Уроженец Берлина Вальтер Беньямин жил в Берлине вплоть до эмиграции. Данное произведение он написал в начале 1930 годов. Но издания книги автора не увидел. В 1950 году Теодор Адорно составил первое издание по разрозненным материалам. В 1981 году в Парижской национальной библиотеке ученые обнаружили многочисленные рукописи Беньямина, которые он, спасаясь бегством от фашисткой оккупации, оставил на хранение французскому писателю Жоржу Батаю. Среди этих материалов находился и полный машинописный текст книги, ее последняя авторская редакция 1938 года. Что же это за книга? Это щемящие сердце воспоминания детства. Автор пишет обо всем том, что дорого ему в воспоминаниях. Это книги, бытовые вещи. Вспоминает о том, как много болел в детстве, зачитывался книгами. Телефон, открытки, тетушки, книги, мечты детства... Но описание всего этого необычайно заволакивающее, так приятно и уютно его читать. Единственное жаль, что книга очень небольшая. Произведение это - удовольствие для читательской души.
В 1900 году, на рубеже веков, Вальтеру Беньямину, мальчику из богатой еврейской семьи, было всего 8 лет. Эту книгу нельзя назвать единым целым. Она была и есть - зарисовки о детстве, короткие, чуть побольше, разрозненные, но все же с теплотой о детских годах, которые уже после смерти их автора были собраны воедино его другом, Теодором Адорно. Зарисовки - воспоминания о Рождестве, прогулках с гувернанткой, выходах с мамой за покупками, катании на коньках, коллекциях с открытками, переводных картинках, страшном монстре - телефоне, тетушках и бабушках, и о книгах, множестве книг, которые окружали его с самого детства. Очень щемящие, трогательные, нежные истории, в которых шорох книг переплетается со звоном мейсенского фарфора, запахом рождественской елки, неуловимая выдра ускользает от вашего взгляда в Зоологическом саду, рынок "Крышка" поражает щедротами, звуками и запахами, а лоджия манит своими тайнами. Настолько лирично обо всем этом вспоминает автор, что невольно попадаешь под эту магию красивых метафор, чувственных и поэтичных. Если б не "Игра в классики", то это чудесное светлое произведение могло бы просто никогда не попасться на глаза. Теперь хочу еще прочесть его Вальтер Беньямин - Московский дневник .

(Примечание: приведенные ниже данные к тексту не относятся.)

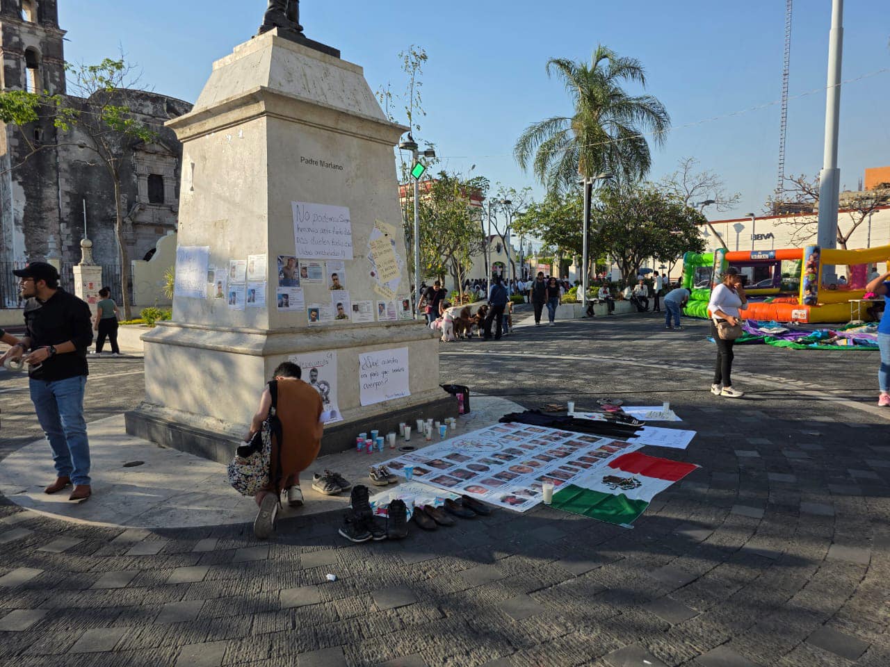 Los manifestantes pidieron a las autoridades que no retiren las imágenes y mensajes colocados en la plaza, con la esperanza de que alguien reconozca a alguna de las personas desaparecidas y ayude en su localización.

Простой психологический тест. Приготовьте лист бумаги и ручку, сядьте поудобнее и напишите небольшое эссе о любом предмете, который попал в поле вашего зрения. Задача не в том, чтобы подробно описать предмет, а чтоб увидеть его под таким необычным углом и изобразить так поэтично, чтоб у читателя возникло стойкое желание дочитать до конца, крепко пожать вам руку и потребовать продолжения. Вам это удалось? Поздравляю, вы писатель. Возможно, вас даже зовут Вальтер Беньямин. Предметом изображения Беньямина становятся не только самые обыденные детали одежды и мебели, вроде чулка и шкафа, но и «куски пространства»: лоджия, кладовка, библиотека. Их описания больше всего похожи на стихотворения в прозе: с длинным рядом ассоциаций, с разнообразными сравнениями, вольными метафорами, устрашающими гиперболами. В потоке этих слов тонешь, как муха в патоке. Голова идёт кругом. Воздух сгущается. А если выйти на улицы города (в данном случае, Берлина начала века)? Мелькают перед глазами Тиргартен и Золотая Эльза, крытый рынок и выдра в Зоологическом саду. Если вы были в Берлине, картинки так и вспыхивают перед глазами. Если не были, поможет воображение. Ловкий фокусник Вальтер Беньямин погрузит вас в болезненный жар и заставит почувствовать всю прелесть зимнего вечера, он будет философствовать о происшествиях и преступлениях и огорошит вас вестью о смерти. Короче, вы испытаете множество разных эмоций, но главное – эстетическое наслаждение от метко и точно подобранных слов:
Послушно, как девочка, день подставлял голову под серую расческу дождя.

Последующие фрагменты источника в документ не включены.